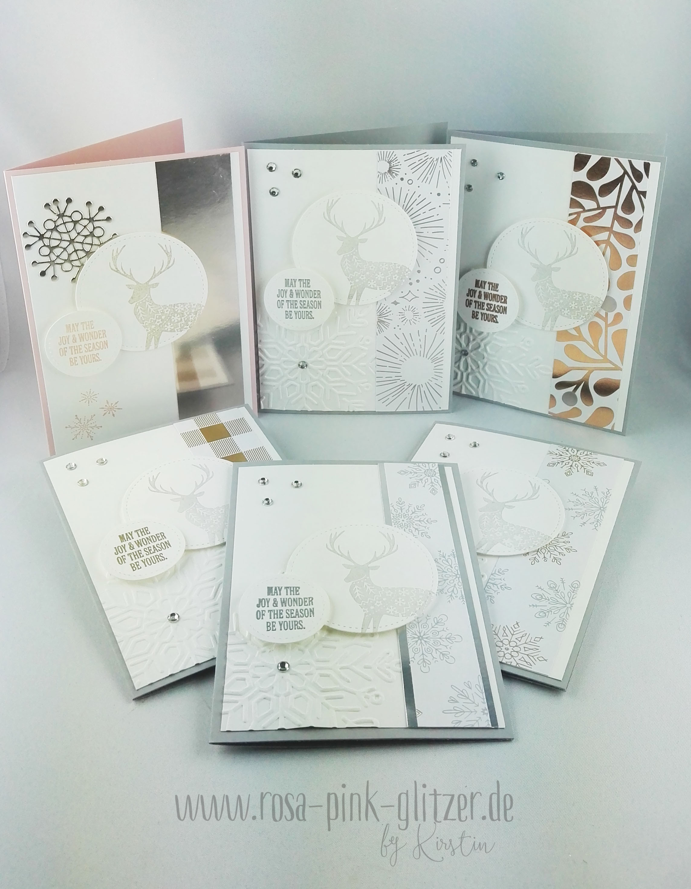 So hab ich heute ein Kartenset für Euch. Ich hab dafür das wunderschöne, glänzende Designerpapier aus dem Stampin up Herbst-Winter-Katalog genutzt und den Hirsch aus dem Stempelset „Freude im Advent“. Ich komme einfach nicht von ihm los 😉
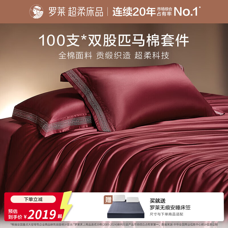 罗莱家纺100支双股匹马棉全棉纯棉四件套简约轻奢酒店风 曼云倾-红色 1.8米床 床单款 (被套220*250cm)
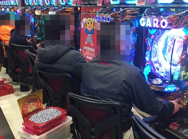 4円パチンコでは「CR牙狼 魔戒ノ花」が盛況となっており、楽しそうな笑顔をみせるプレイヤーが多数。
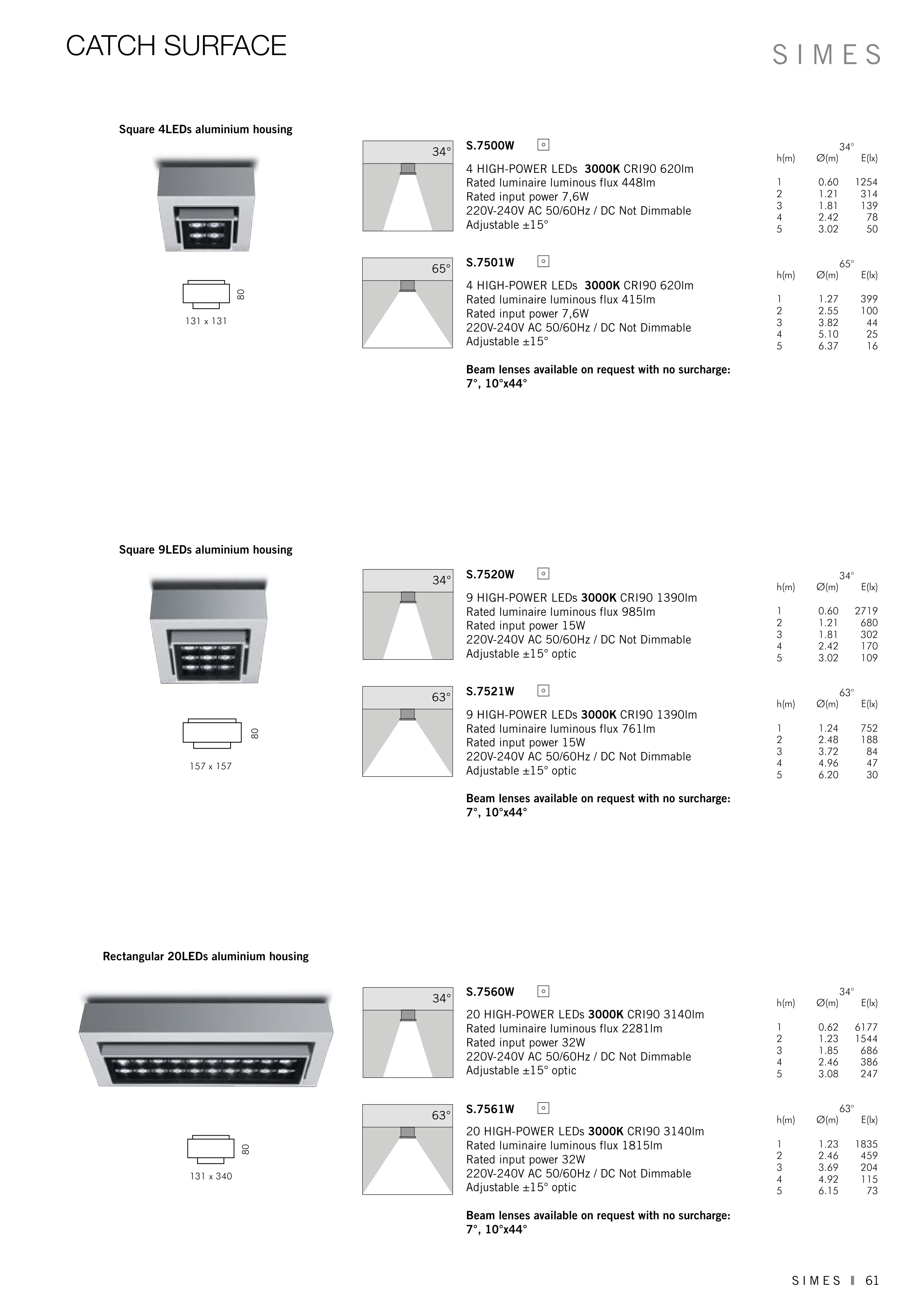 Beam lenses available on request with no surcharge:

◆ ◆ ◆ ◆ ◆ ◆ ◆

• WORK INSTRUCTION:
Counting both ends, reproduce word for word the lines from the line with "4円パチンコでは「CR牙狼 魔戒ノ花」が" to the final line of the listing above, skipping every picture.

• TASK SOLUTION:
 4円パチンコでは「CR牙狼 魔戒ノ花」が盛況となっており、楽しそうな笑顔をみせるプレイヤーが多数。
 Beam lenses available on request with no surcharge:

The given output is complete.